Aim of the task → Reproduce the following data exactly, minus any images.

Information provided →

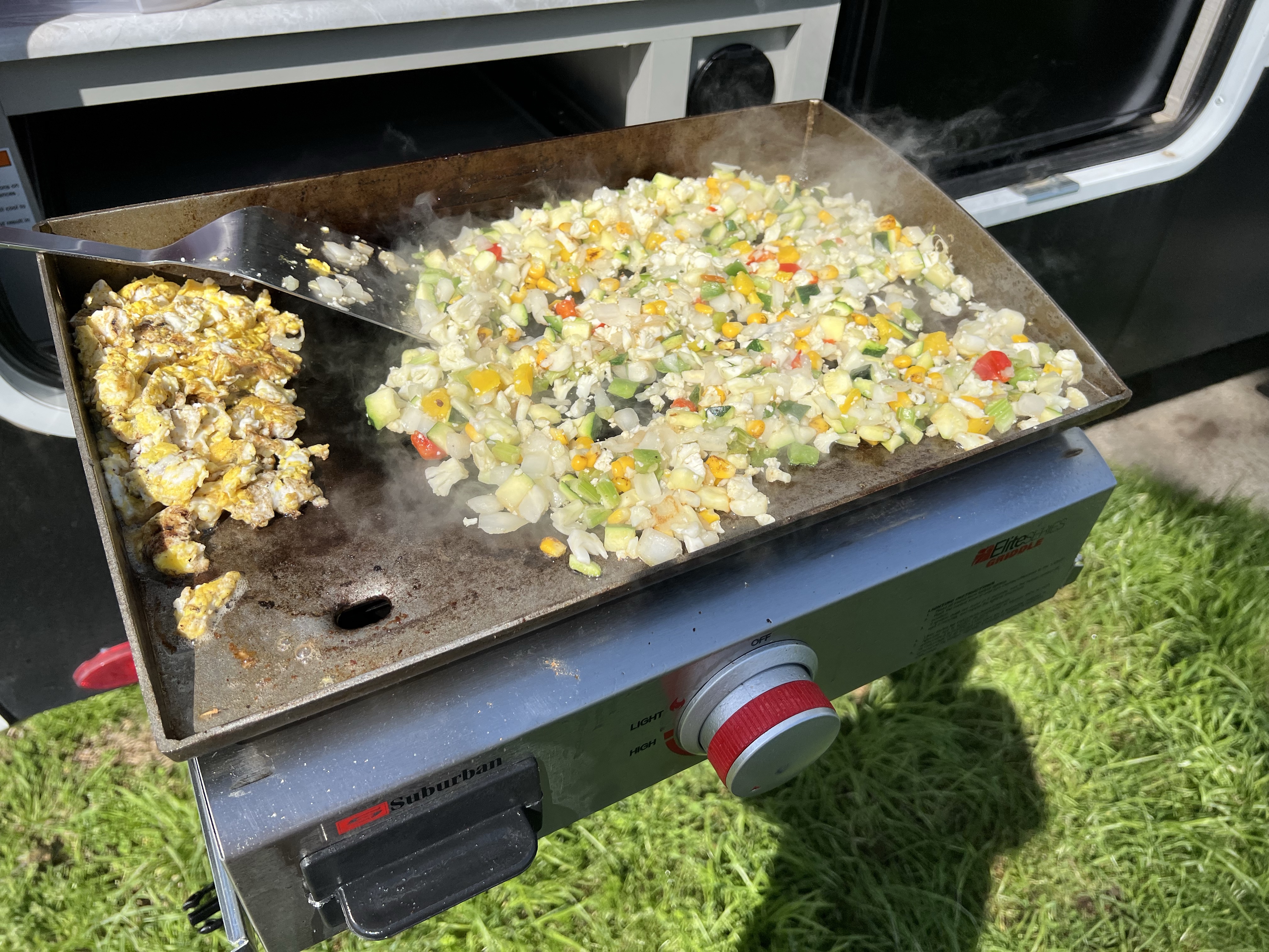 We had a couple slow mornings, making breakfast on the griddle & playing frisbee.
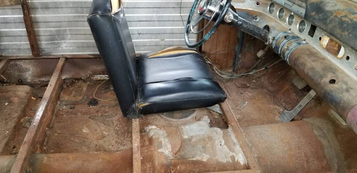 The original dash remains, but there is no real interior to speak of. This conversion took away the Buick doors, so there is only one way in and out of this machine. Rot can be found in the floors, as well as in the rocker areas.
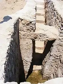 The site has been excavated by the Danish and Japanese expeditions in 1954 and 1990s respectively. [2] The Japanese team originated from Rikkyo University and discovered Wells 2 and 3 in addition to Well 1, and were the first to suggest the wells were holy places. [3]
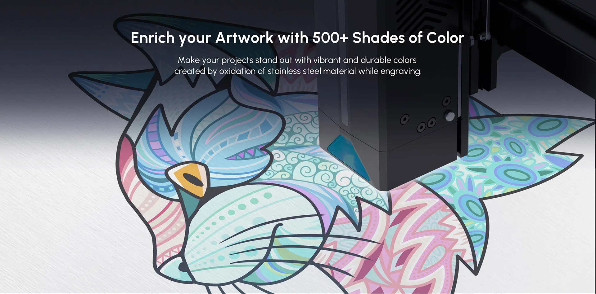 4.【500+ Colorful Engraving on Metal Material】Algolaser breaks the Metal engraving technical difficulties, which will no longer be limited to black, gray, and brown.expanding your color palette to 500+ colors that will take your creativity to the next level. Use the correct parameters to let the laser bring your metal creations to life.

Answer section →
 We had a couple slow mornings, making breakfast on the griddle & playing frisbee.
 The original dash remains, but there is no real interior to speak of. This conversion took away the Buick doors, so there is only one way in and out of this machine. Rot can be found in the floors, as well as in the rocker areas.
 The site has been excavated by the Danish and Japanese expeditions in 1954 and 1990s respectively. [2] The Japanese team originated from Rikkyo University and discovered Wells 2 and 3 in addition to Well 1, and were the first to suggest the wells were holy places. [3]
 4.【500+ Colorful Engraving on Metal Material】Algolaser breaks the Metal engraving technical difficulties, which will no longer be limited to black, gray, and brown.expanding your color palette to 500+ colors that will take your creativity to the next level. Use the correct parameters to let the laser bring your metal creations to life.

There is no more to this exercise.